Nel 1933 è proprio un’insurrezione del pubblico a costringere i giudici, che hanno già decretato il no contest, ad assegnargli la vittoria contro Adolf Witt nel match che vale il titolo nazionale. Ma i gerarchi ordinano l’annullamento dell’incontro e gli ordinano di combattere contro Gustav Eder, vietandogli di muoversi dal centro del ring, pena la revoca della licenza. Trollmann si presenta sul quadrato coi capelli tinti di biondo e il corpo cosparso di farina, per deridere il modello ariano, ma viene sconfitto in 5 round.

Johann Trollmann - Acquerello di Silvio Mengotto

A Rukeli non piace il corpo a corpo. «Non si impegna per niente, è l’avversario che lo deve impegnare. Questo non è giudicato virile, ma proprio le donne, che sono sempre numerose intorno al ring, lo trovano invece elegante. A loro ciò che fa Trollmann ricorda la danza. Rukeli non è interessato alle risse. Lo stile di Rukeli è una provocazione per i tradizionalisti del pugilato che vogliono vedere sul ring battaglie tra due uomini testa a testa, con i piedi piantati per terra» (R. Repplinger, Ivi, p. 68-69).

I soprusi razziali contro Trollmann sono numerosi. Contro la sua volontà, per salvare moglie e figlia, divorzia perché una donna tedesca non può sposare un rom. Successivamente viene sterilizzato. La vera battaglia di Muhammad Ali è stata contro la discriminazione razziale unendosi alla rivendicazioni dei diritti civili con Martin Luther King e Malcom X. Il suo rifiuto alla guerra in Vietnam gli costò il ritiro della licenza, e il titolo di campione, da parte delle associazioni pugilistiche Usa per tre anni.
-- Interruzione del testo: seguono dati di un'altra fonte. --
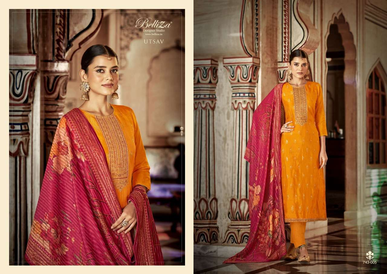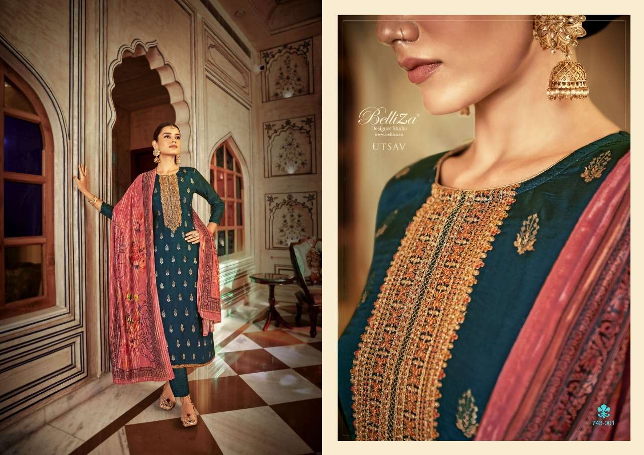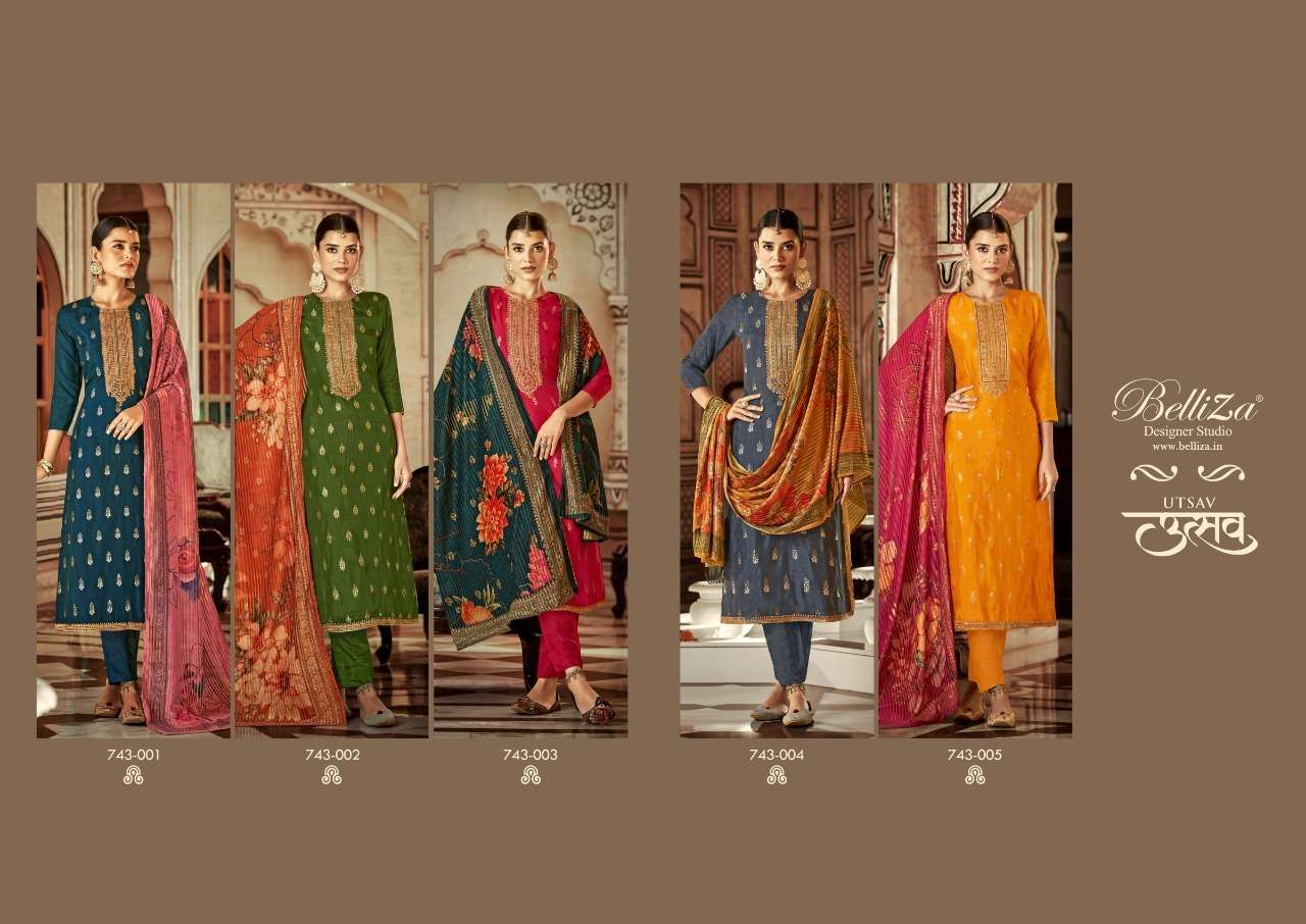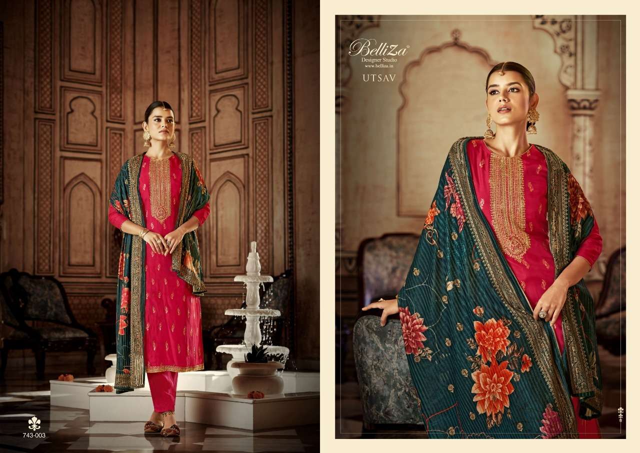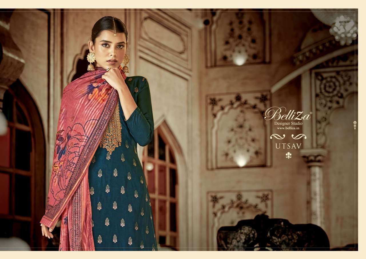 UTSAV BY BELLIZA DESIGNER WITH WORK VISCOSE DOLA JACQUARD SUITS ARE AVAILABLE AT WHOLESALE PRICE

Malcom X fotografa Muhammad Ali dopo la sconfitta di Sonny Liston. Copyright: Bob Gomel - Autore: EPHouston - CC BY-SA 4.0

Trollmann non poteva rifiutare la guerra, nel 1939 viene arruolato in fanteria e inviato al fronte. Per ordine di Hitler – bisognava tener alto il nome glorioso dell’esercito germanico – vengono congedati dall’esercito 30 mila soldati rom. Un decreto di Heinrich Himmler del 1942 equipara i rom agli ebrei. Si tratta dell’ultima fase dello sterminio del popolo zingaro, il Porrjamos: i rom sterminati nei lager nazisti saranno più di 500 mila.

Anche Trollmann viene internato nel campo di concentramento di Neuengamme dove incontra il famigerato Cornelius, un ex pugile e kapò, che lo sfida pubblicamente. Tutti raccomandano a Rukelie di perdere. Lui è consapevole di rischiare la vita, ma batte Cornelius e lo consegna al ludibrio di tutto il campo. La vendetta non si fa attendere e il 9 febbraio 1943 Cornelius lo uccide. Esattamente sessant’anni dopo, nel 2003, la federazione pugilistica tedesca riconsegna ai suoi familiari la corona di campione nazionale che gli era stata sottratta nel 1933. Muhammad Ali e Jhoann Trollmann due pugili lontani nel tempo ma uniti nella loro umanità.